New Technique Speeds Drug Design Targeting Ion Channels

An international research team has unveiled a groundbreaking technique that significantly accelerates the design of drugs targeting ion channels, proteins closely linked to a variety of diseases, including psychiatric disorders and different forms of cancer. This innovative approach, developed by the Institute of Chemical Research, a collaboration between the University of Seville and the Spanish National Research Council, was published in the Journal of the American Chemical Society on November 15, 2025.

Ion channels are integral membrane proteins that control the flow of ions into and out of cells, playing crucial roles in various physiological processes such as nerve transmission, muscle contraction, and immune responses. Dysfunction in these channels is associated with numerous medical conditions, making them prime targets for therapeutic intervention.

Revolutionizing Drug Interaction Studies

Traditionally, the study of how drugs interact with ion channels required isolating these proteins, a complex process that could alter their natural behavior. According to Jesús Angulo from the Institute of Chemical Research, the new technique employs nuclear magnetic resonance (NMR) to study these interactions in living cells, yielding more relevant biological insights.
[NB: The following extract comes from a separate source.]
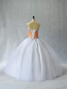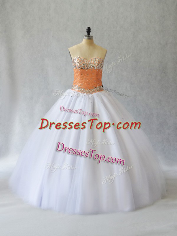 Best White Lace Up Quinceanera Dress Beading Sleeveless Floor Length

“This technique is faster, more cost-effective, and simpler, as it removes the need for extensive protein purification and manipulation,” Angulo stated. The researchers believe this method could establish a new standard in structure-activity relationship studies, which explore how a molecule’s chemical structure influences its pharmacological effects.

Broader Implications for Multiple Diseases

The technique has been successfully tested on P2X7 receptors, which are therapeutic targets for conditions such as depression, certain autism spectrum disorders, and some cancers. Leanne Stokes of the University of East Anglia emphasized the potential of this method: “Our technique could significantly accelerate the development of drugs targeting ion channels and other membrane proteins, opening new avenues for research in neurological, cardiovascular, metabolic, and oncological diseases.”

Furthermore, the researchers utilized software developed at IIQ-CSIC-US to integrate their experimental findings with three-dimensional models of drug-receptor interactions, generated through bioinformatics. This advancement allowed them to validate which computational models aligned with their laboratory observations.

“The interaction between drug and protein can be likened to a lock and key: the membrane protein is the lock, and our drug is the key,” Angulo explained. “Identifying the correct key and determining how to insert it for optimal function is crucial.” He further noted that bioinformatic models play a vital role in drug design and that validating three-dimensional computer-generated models in living cells signifies a transformative approach in developing drugs aimed at these proteins.

This research not only enhances the understanding of drug interactions but also holds promise for more effective and targeted treatments for a range of diseases, marking a significant step forward in pharmacological studies.

For further details, refer to the study: Serena Monaco et al, “On-Cell Saturation Transfer Difference NMR Spectroscopy on Ion Channels: Characterizing Negative Allosteric Modulator Binding Interactions of P2X7,” published in the Journal of the American Chemical Society.